I will never use anything on the front screen again just Gtech G4 glass polish which oddly enough given the issue with the sealant is the best cleaner I have ever used on a screen. 

I believe GTECH have something to remove G1 if you contact them.


----------



## lowejackson

bigup said:


> what was your solution mate? leave it on?


Yes, left it on, the C2 did help me although the frustration means I will be looking for another product to use on the glass.


----------



## isherdholi

I don't get this issue, but I would imagine a squirt of screenwash should help lube the wiper blades


----------



## 182_Blue

isherdholi said:


> I don't get this issue, but I would imagine a squirt of screenwash should help lube the wiper blades


Yes for about one wipe and it's back.


----------



## Trip tdi

Shaun I assuming it's on your VW car if so I have noticed on few occasions that VW screens with G1 applied does drag the wipers on contact, try some neat vinegar on the screen and wipers and buff off should sort it did on mine so worth a attempt.


----------



## 182_Blue

Yes it's on a MK7 golf, really hope I can stop it as it's made the car dangerous to drive with the smearing and the fact you dont want to use the wipers due to the noise!!


----------



## quattrogmbh

I'm having the exact same problem on my Golf too. I even swapped the wipers for Bosch ones but made no difference whatsoever.

I have IPA'd several times.
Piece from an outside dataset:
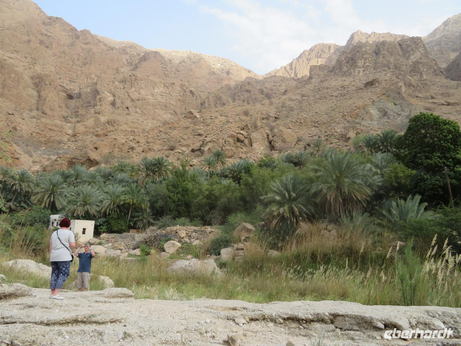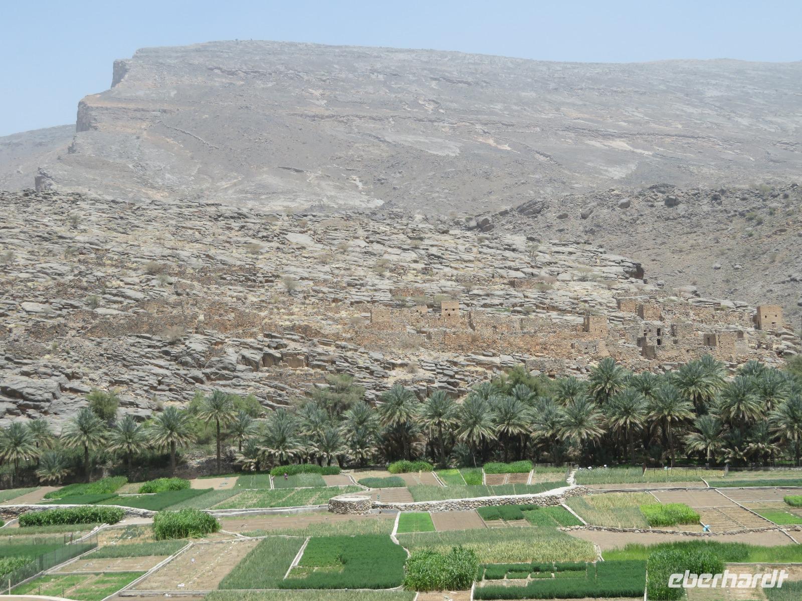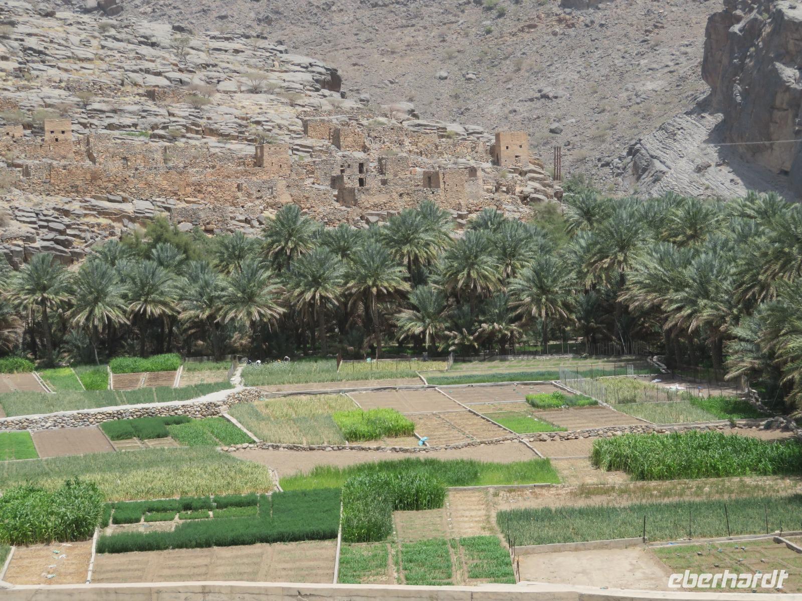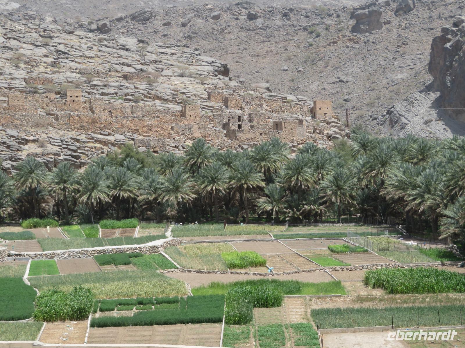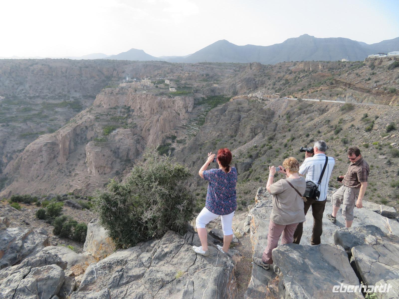 Nachdem alles ausgiebig fotografiert und besichtigt ist, starten wir mit unseren Jeeps ins Jebel Akhbar - Gebirge zum drittgrößten Canyon der Welt. Unterwegs ein kurzer Fotostopp mit Blick auf das alte Lehmdorf Guhl, welches bis Anfang der 1980er Jahre noch bewohnt, dann aber völlig aufgegeben und dem Verfall preisegegeben wurde. Im alten Flussbett gedeiht noch heute ein Palmenhain und auf kleinen Feldern werden Nutzpflanzen angebaut.

Used C2v3 which on other cars has worked well.. All its done on this one is create an awful streaky haze.

As soon as I get the chance its coming off..... But what should I replace it with?


----------



## gtechrob

Shaun said:


> Yes it's on a MK7 golf, really hope I can stop it as it's made the car dangerous to drive with the smearing and the fact you dont want to use the wipers due to the noise!!


missed this thread - will read through it but in the meantime one of the suggestions that a few folks have found to work is to put g1 on the wiper blades themselves allowing it to cure and not removing residue. doesn't make a lot of sense but as I say it has worked for many.


----------



## 182_Blue

You will forgive me for not putting the G1 on my wipers but I have only just paid £25 for them and it's been an expensive exercise as it Is, so now thanks to Alex at EliteCarCare I have Ceriglass and i have hopefully have removed it. 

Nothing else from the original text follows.